BEGIN Materials provided

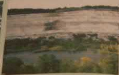
Маршрут «Тайны мелового карьера», Вольский район
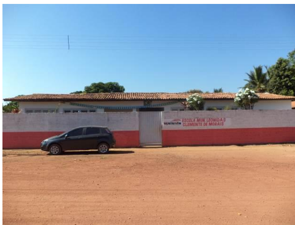
Foto 3: Escola Municipal Leônidas Clemente de Mores, localizada na Vila Reta (Quatro Bocas), em Açailândia - MA.
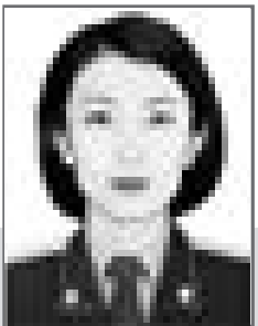
Айгуль КУСАИНОВА, прокурор Управления по поддержанию государственного обвинения и участию в апелляционной инстанции прокуратуры г. Астаны

Водители транспортных средств должны строго соблюдать Правила дорожного движения, утвержденные Постановлением Правительства Республики Казахстан от 13.11.2014 года №1196.
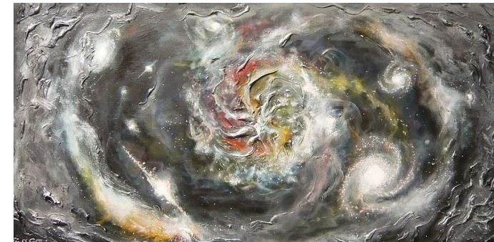
„La création du monde“ von Cedric Sorel

Betrachtungen aus Physik, Philosophie und Theologie
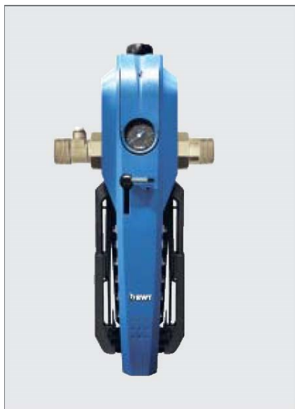
BWT E1 HWS husvannstasjon
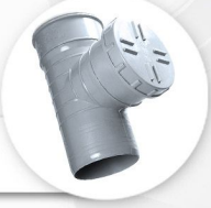
سه راه دریچه بازدید
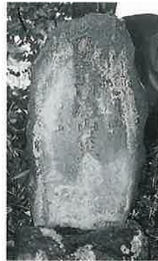
30 供養塔(湯殿山) 裏落合 文化13年4月(135×57×30)
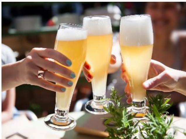
「サンタモニカの風」ビアテラスイメージ

神戸港が一望できるテラス席で心地よい潮風を感じながら、多彩な和洋中のbuffetメニューや、生ビール、ワイン、カクテル、ソフトドリンクなど約30種類のドリンクメニューがお楽しみいただけます。6月30日(金)までは、オリエンタルホテルズ&リゾーツのグループホテル共通フェア「Buono (ブオーノ)！陽気なイタリアンフェア」も開催中のため、イタリアの定番料理から家庭料理までシェフのこだわりが詰まった限定メニューや、世界販売数1位のプレミアムイタリアンビール「ペローニナストロアズーロ」も追加料金なしでお召し上がりいただけます。また追加オプションとして、神戸大橋やメリケンパークを望む東側の景色を眺めながら、ソファ席でゆったりと食事を満喫できる「イーストラウンジェリア」、お肉または魚介をBBQで楽しめる2種類のBBQプレートもご用意。目の前に海を望む、開放的なロケーションで贅沢な時間をお過ごしいただけます。ビアテラス付の宿泊プランも、2023年3月15日(水)より予約受付を開始いたします。

END Materials provided

--- The problem ---
When you reach the line with "Foto 3: Escola" in the entries above, start copying, and go on word for word to the last line; skip any picture.

--- Finished task ---
Foto 3: Escola Municipal Leônidas Clemente de Mores, localizada na Vila Reta (Quatro Bocas), em Açailândia - MA.
Айгуль КУСАИНОВА, прокурор Управления по поддержанию государственного обвинения и участию в апелляционной инстанции прокуратуры г. Астаны

Водители транспортных средств должны строго соблюдать Правила дорожного движения, утвержденные Постановлением Правительства Республики Казахстан от 13.11.2014 года №1196.
„La création du monde“ von Cedric Sorel

Betrachtungen aus Physik, Philosophie und Theologie
BWT E1 HWS husvannstasjon
سه راه دریچه بازدید
30 供養塔(湯殿山) 裏落合 文化13年4月(135×57×30)
「サンタモニカの風」ビアテラスイメージ

神戸港が一望できるテラス席で心地よい潮風を感じながら、多彩な和洋中のbuffetメニューや、生ビール、ワイン、カクテル、ソフトドリンクなど約30種類のドリンクメニューがお楽しみいただけます。6月30日(金)までは、オリエンタルホテルズ&リゾーツのグループホテル共通フェア「Buono (ブオーノ)！陽気なイタリアンフェア」も開催中のため、イタリアの定番料理から家庭料理までシェフのこだわりが詰まった限定メニューや、世界販売数1位のプレミアムイタリアンビール「ペローニナストロアズーロ」も追加料金なしでお召し上がりいただけます。また追加オプションとして、神戸大橋やメリケンパークを望む東側の景色を眺めながら、ソファ席でゆったりと食事を満喫できる「イーストラウンジェリア」、お肉または魚介をBBQで楽しめる2種類のBBQプレートもご用意。目の前に海を望む、開放的なロケーションで贅沢な時間をお過ごしいただけます。ビアテラス付の宿泊プランも、2023年3月15日(水)より予約受付を開始いたします。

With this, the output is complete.